Posted By Colleen Glatfelter, Tuesday, February 2, 2016

Crystal Carlisle, Associate Attorney,  The Brocker Law Firm, P.A.

We all know that first impressions matter.  This is true not only with in-person meetings but also with initial telephone calls.  There are several important factors that you should keep in mind when speaking to a potential client for the first time.  First, people want you to listen.  Even if you do not decide to take a client’s case, giving them the courtesy of allowing them to explain their issue and frustrations is incredibly important.  This does not mean you have to spend hours on the telephone with a potential client on an initial call.  It does mean you need to ensure not to make the person feel like you are rushed and do not have time to hear their concerns.  Before you return a call to a potential client, make sure you allow adequate time to listen, ask questions, and actively engage in the conversation.  Your time is valuable but so is the time of the people that call you for help.  “One of the greatest gifts you can give to anyone is the gift of attention.” – Jim Rohn

Second, do your best to ensure that you are understood.  For example, if you are quoting someone a fee for an initial consultation, make sure they understand exactly what they will be paying for – i.e. an hour of your time?  Two hours?  Review of documentation?  You do not want the client to be surprised.  Even if you put the agreement in writing before the consultation, if the client misunderstood the quote on the initial call, they will likely not be pleased to see a higher or different amount in writing.

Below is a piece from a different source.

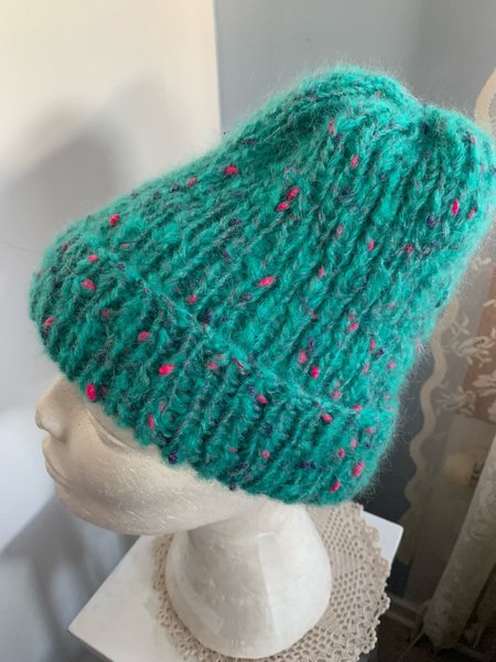 En stickad mössa i mohairblandad garn i turkos färg med insprängda prickar i rosa och lila nyanser. Längd30cm.

Third, follow up on your promises.  If you tell a potential client that you are unable to help, but you will contact them with the names of a few people who may be able to assist, make sure you do get back to them.  If you are unable to provide the information you thought you could provide, you need to relay that information as well.

Fourth, make every effort possible to never come across as superior to the person who has contacted you.  Of course you likely have more legal knowledge about the topic than the potential client or they would not be calling you.  However, the potential client is more knowledgeable about the facts, which you need to know in order to correctly apply your legal knowledge.  Even if a potential client contradicts you, and you know you are correct, try to explain that in your experience, the situation resulted in a different outcome.  “People don’t care how much you know until they know how much you care.” – Theodore Roosevelt.

Following these simple steps should become second nature in any profession.  The first contact with a potential client matters!  We expect this level of professionalism and courtesy from others; therefore, it should also be what we provide.



 *Any opinion or views expressed in blogs posted on this site are those of the identified author and not the Committee as a whole.